Увидев, что обновленцы пользуются полной поддержкой советской власти, их тотчас признали те, кому дороги были не правда Божия и Церковь Христова, а свои личные интересы. Таковыми оказались, прежде всего, митрополит Владимирский и Шуйский Сергий (Страгородский), архиепископ Евдоким (Мещерский) и архиепископ Костромской и Галичский Серафим (Мещеряков). 16 мая 1922 г. было опубликовано их заявление («Меморандум трёх»), где выражалось полное признание обновленческого ВЦУ, как «единственной (!) канонически (!) законной Верховной Церковной Власти», все распоряжения которой «вполне законны и обязательны». К этой группе примкнул также епископ Ямбургский Алексий (Симанский) — будущий советский «патриарх», несколько других подобных же архиереев. Признали явно раскольническое и еретическое обновленческое ВЦУ также Патриарх Константинопольский Григорий VII и Александрийский Патриарх. Григорий VII даже написал Патриарху Тихону послание, в котором уговаривал его добровольно отказаться от власти в церкви и признать обновленческое ВЦУ. Другие Поместные Православные Церкви тогда не выразили такого признания, но действия двух названных патриархов явились зловещим предзнаменованием Отступления (Апостасии) от Православия в скором будущем, выражением способности к такому Отступлению бывших некогда важнейшими и виднейшими в Православии Поместных Церквей.

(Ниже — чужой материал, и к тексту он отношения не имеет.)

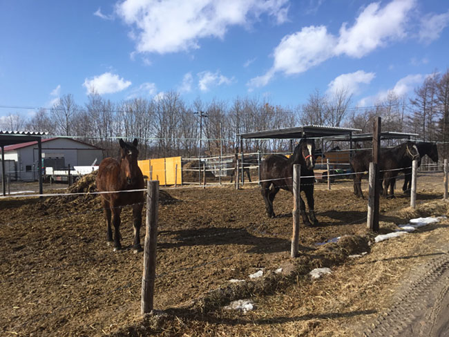 ばんえい馬を80頭程育成している上士幌の牧場。

Всё это произвело определённый соблазн в русской церковной среде, колебания, «шатание умов». Но большинство епископов, оставшихся в России, а также весь верующий народ обновленческой «Живой Церкви» не признали. Она же спешно подготовила и провела в апреле — мае 1923 г. свой «Собор», который назвала «Вторым Поместным (т.е. после Первого, 1917-1918 г.г.) Собором Русской Православной Церкви». «Собор» упразднял Патриаршество как «контрреволюционный» образ правления, отменял анафему большевикам 1918 г., лишал сана (и даже монашества!) Патриарха Тихона, вводил в церковную жизнь еретические нововведения обновленчества. Всё это, разумеется, не имело ровным счётом никакой канонической силы, по причине незаконности ВЦУ и еретического характера обновленческого учения. Но впечатление производило! Кроме того, советская власть начала отбирать у Православных («тихоновцев», как их называли) храмы и передавать обновленцам почти повсеместно, по всей России! Всех людей, принципиально не признающих власти раскольников и их лжесобора, обновленцы объявляли «контрреволюционерами», врагами советской власти, о чём ей тут же и доносили. Так, по доносам этих церковных отщепенцев, полилась теперь кровь множества священников, монахов, мірян...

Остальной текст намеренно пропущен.